Hansie and his men looked resplendent in their white trousers with the single sharp pleat at the front, the green blazers with the golden stripes and the green and gold Proteas emblem.
The young boy stood there, transfixed.
He had never seen anything like this before. These guys looked so neat and so organised. They behaved with purpose and a strong sense of camaraderie. They were a part of a collective, that appealed to him greatly.
Growing up in the township, you don't find a lot of that. The closest to that in the township was when amajita, the young men, played ichallenge on Sundays. Challenge, or ichallenge, was a football competition. An informal football competition between local teams. Amateur teams. A lot of times without any sort of sponsorship.
Every now and then, they could put together money for the game, money they made from doing this and that if they were not formally employed. But, most of the time, they just played for fun. Skins against shirts.

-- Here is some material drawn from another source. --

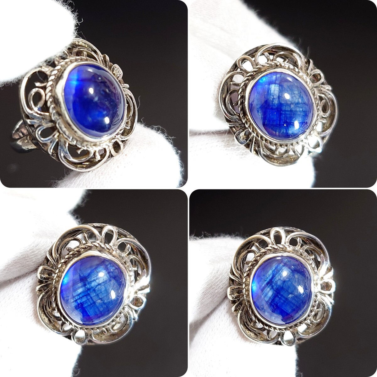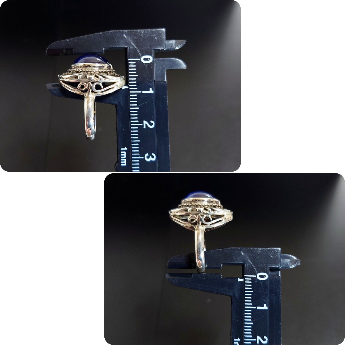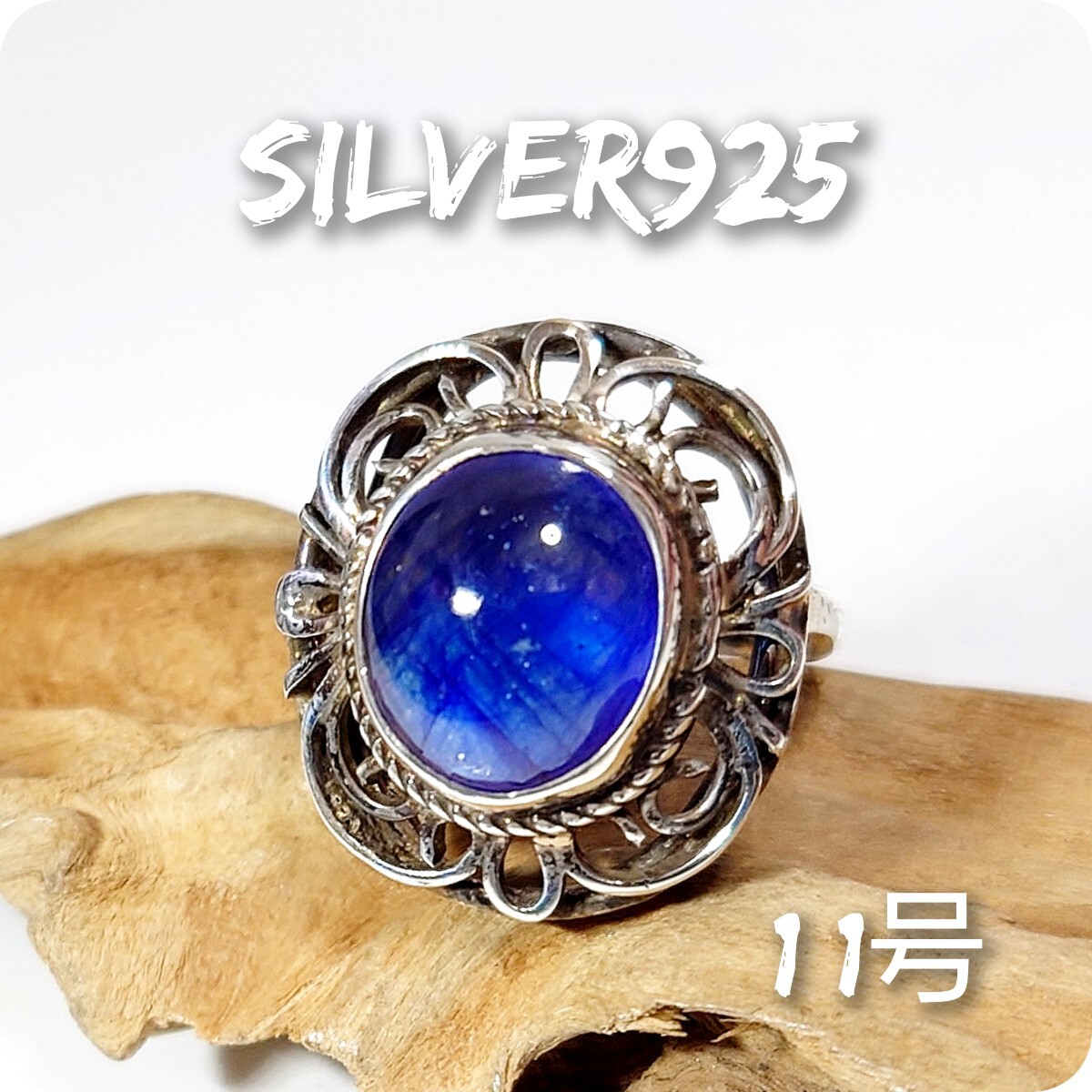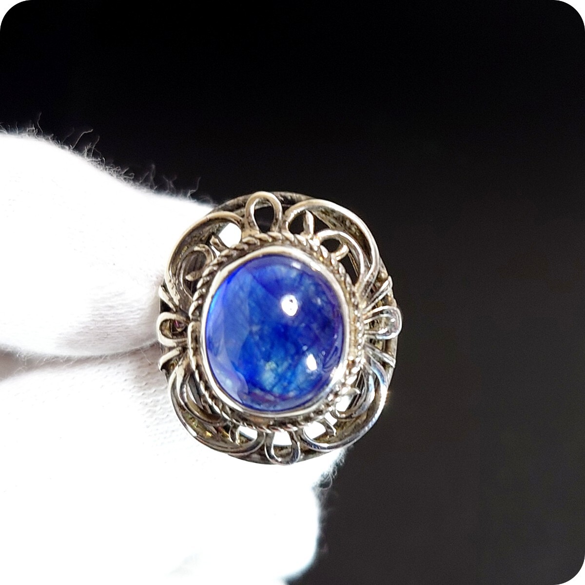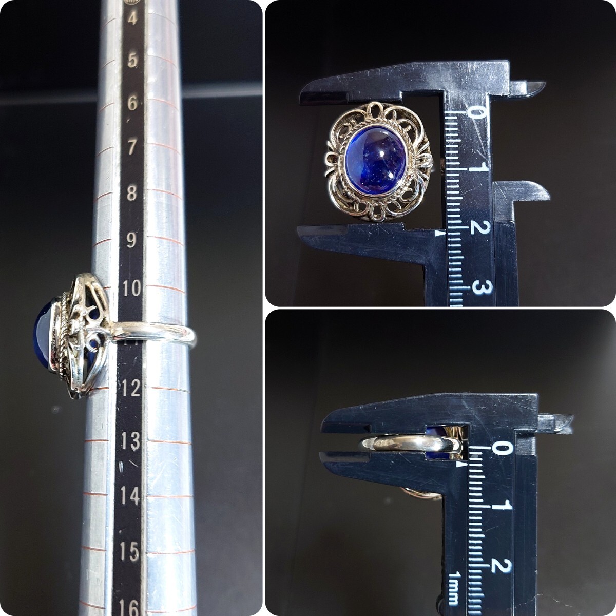 ブルーサファイアとアラベスクの彫刻がとても綺麗なリング☆

Hansie and his men opened a new world that the young boy had no idea existed. The young athlete from Block FF, Soshanguve, could tell that these guys had a different reality. They were nothing like the men and young men who competed in ichallenge.

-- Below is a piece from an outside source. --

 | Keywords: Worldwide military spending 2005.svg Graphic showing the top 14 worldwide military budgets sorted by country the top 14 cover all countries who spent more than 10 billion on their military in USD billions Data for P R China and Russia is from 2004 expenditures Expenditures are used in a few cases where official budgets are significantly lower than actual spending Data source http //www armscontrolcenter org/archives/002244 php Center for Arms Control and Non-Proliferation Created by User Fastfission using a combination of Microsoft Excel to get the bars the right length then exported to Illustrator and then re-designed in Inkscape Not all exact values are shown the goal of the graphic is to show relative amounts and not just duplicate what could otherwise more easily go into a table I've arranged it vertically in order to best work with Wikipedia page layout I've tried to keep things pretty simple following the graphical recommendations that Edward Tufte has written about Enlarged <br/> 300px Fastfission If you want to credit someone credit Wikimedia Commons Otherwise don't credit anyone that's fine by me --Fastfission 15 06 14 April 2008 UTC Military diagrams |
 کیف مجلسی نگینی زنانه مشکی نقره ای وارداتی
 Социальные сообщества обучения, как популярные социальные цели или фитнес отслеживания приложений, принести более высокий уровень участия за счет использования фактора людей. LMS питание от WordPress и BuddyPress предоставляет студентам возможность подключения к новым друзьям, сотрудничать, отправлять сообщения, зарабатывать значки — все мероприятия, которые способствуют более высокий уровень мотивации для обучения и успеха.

He wanted to be one of them. Their world looked very different to his. His world was limited to grassless football fields and dusty no-name streets that he played on day in and day out. Sometimes he would see the outside world, like the other time he represented his school at a regional athletics heat. The young boy ran both long and short distances.
In his world, he walked about 4 kilometres to school.
It was a long walk. A fun long walk, because there were a lot of people coming from the same area as the young boy. A lot of the time, Aaron and the other kids did not notice the distance. The rainy days were probably the hardest, in hindsight. On numerous occasions, they had to make their way in the rain with no umbrella or raincoats. Their parents couldn’t afford them. They would only give them a black plastic bag for the books and that was it.
This group of guys did not look like they had the same things in their world.
He didn’t know their names and none of them noticed him as he stood wide-eyed watching every move that Hansie and his team made. In the future, some of them would know him as The Banker.
“You know, it’s funny, I fell in love with the game before I touched a proper cricket ball,” says Aaron Phangiso. “Seeing those guys, the late Hansie and the rest of the team in the green and gold just blew my mind and from there I just fell in love with the game.”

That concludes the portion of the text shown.